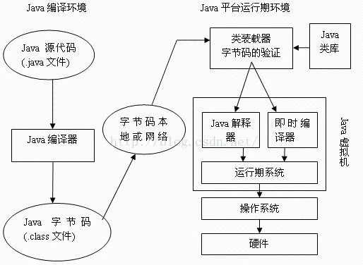 (2)在Java平台的结构中,可以看出,Java虚拟机(JVM)处在核心的位置,是程序与底层操作系统和硬件无关的关键。它的下方是移植接口,移植接口由两部分组成:适配器和Java操作系统,其中依赖于平台的部分称为适配器;JVM通过移植接口在具体的平台和操作系统上实现;在JVM的上方是Java的基本类库和扩展类库以及它们的API, 利用Java API编写的应用程序(application)和小程序(Java applet)可以在任何Java平台上运行而无需考虑底层平台,就是因为有Java虚拟机(JVM)实现了程序与操作系统的分离,从而实现了Java的平台无关性。
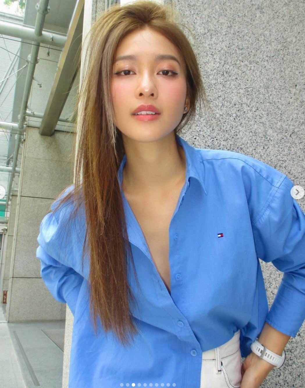 Biết rõ lợi thế hình thể của mình, Khả Ngân cũng thường xuyên chọn diện những kiểu đồ mong manh, tôn đươc nét đẹp bản thân. Mới đây nữ nghệ sĩ tiếp tục nhận về nhiều chú ý khi khoe dáng trong set đồ gồm áo sơ-mi hở nút, để lộ lấp ló thềm ngực căng đầy.
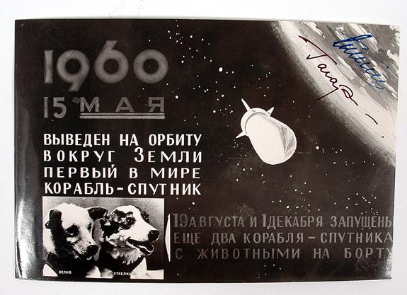 Vostok 2, 1963, Gagarin and Titov Autographs (6.5x4.5") An attractive black and white photo collage issued in honor of the launch of "Sputnik-2" and picturing the space dogs" Belka and Strelka". Since the dogs were not in any position to autograph this piece, it was signed by the first two cosmonauts in space, Gagarin and Titov. Unusual.
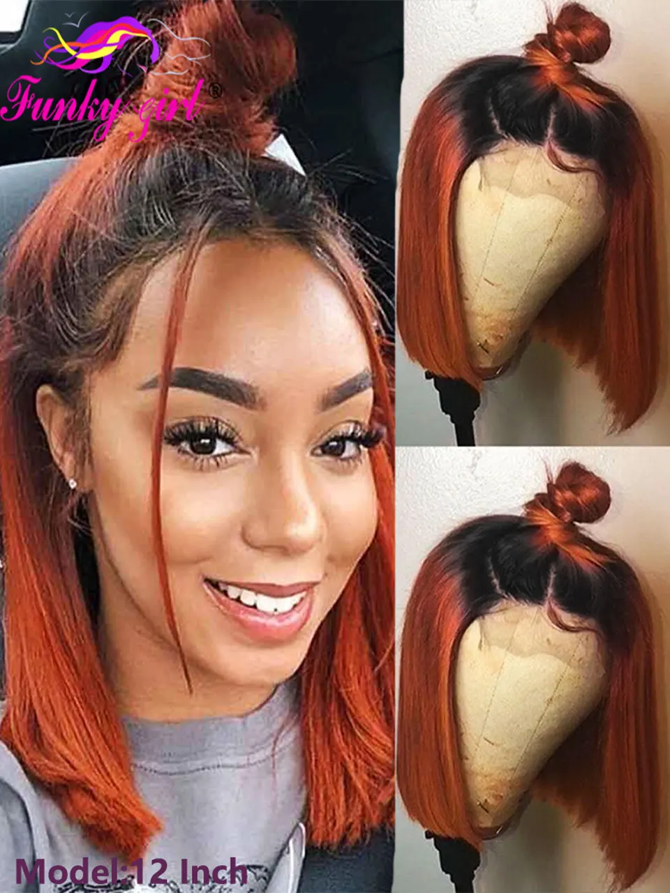 13x4 малайзийские кружевные передние прямые человеческие волосы парики без клея 8-24 дюйма короткие волосы Омбре Боб на кружевной передней части для черных женщин Remy
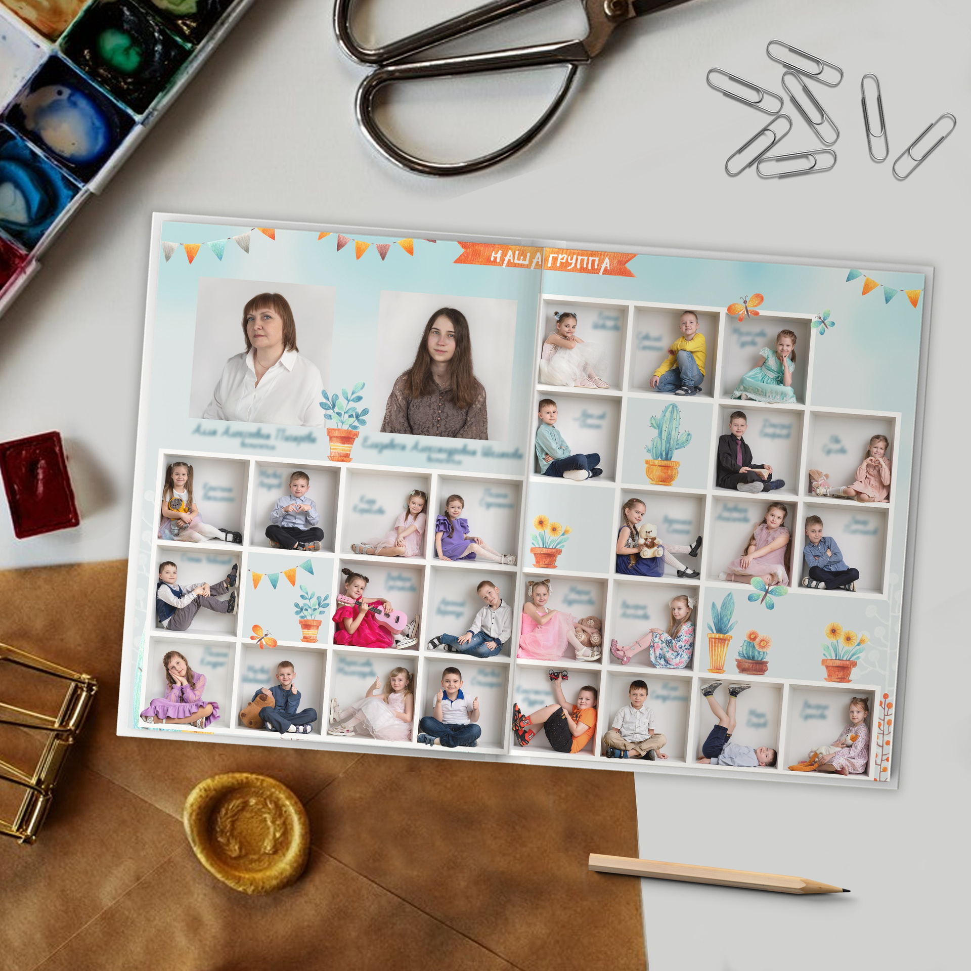 2-й разворот виньетка (дети и воспитатели с подписями фамилий)

#### WHAT YOU WILL DO:
Using the material above, retype each entry exactly and omit the pictures.

#### SOLUTION TO THE PROBLEM:
 (2)在Java平台的结构中,可以看出,Java虚拟机(JVM)处在核心的位置,是程序与底层操作系统和硬件无关的关键。它的下方是移植接口,移植接口由两部分组成:适配器和Java操作系统,其中依赖于平台的部分称为适配器;JVM通过移植接口在具体的平台和操作系统上实现;在JVM的上方是Java的基本类库和扩展类库以及它们的API, 利用Java API编写的应用程序(application)和小程序(Java applet)可以在任何Java平台上运行而无需考虑底层平台,就是因为有Java虚拟机(JVM)实现了程序与操作系统的分离,从而实现了Java的平台无关性。
 Biết rõ lợi thế hình thể của mình, Khả Ngân cũng thường xuyên chọn diện những kiểu đồ mong manh, tôn đươc nét đẹp bản thân. Mới đây nữ nghệ sĩ tiếp tục nhận về nhiều chú ý khi khoe dáng trong set đồ gồm áo sơ-mi hở nút, để lộ lấp ló thềm ngực căng đầy.
 Vostok 2, 1963, Gagarin and Titov Autographs (6.5x4.5") An attractive black and white photo collage issued in honor of the launch of "Sputnik-2" and picturing the space dogs" Belka and Strelka". Since the dogs were not in any position to autograph this piece, it was signed by the first two cosmonauts in space, Gagarin and Titov. Unusual.
 13x4 малайзийские кружевные передние прямые человеческие волосы парики без клея 8-24 дюйма короткие волосы Омбре Боб на кружевной передней части для черных женщин Remy
 2-й разворот виньетка (дети и воспитатели с подписями фамилий)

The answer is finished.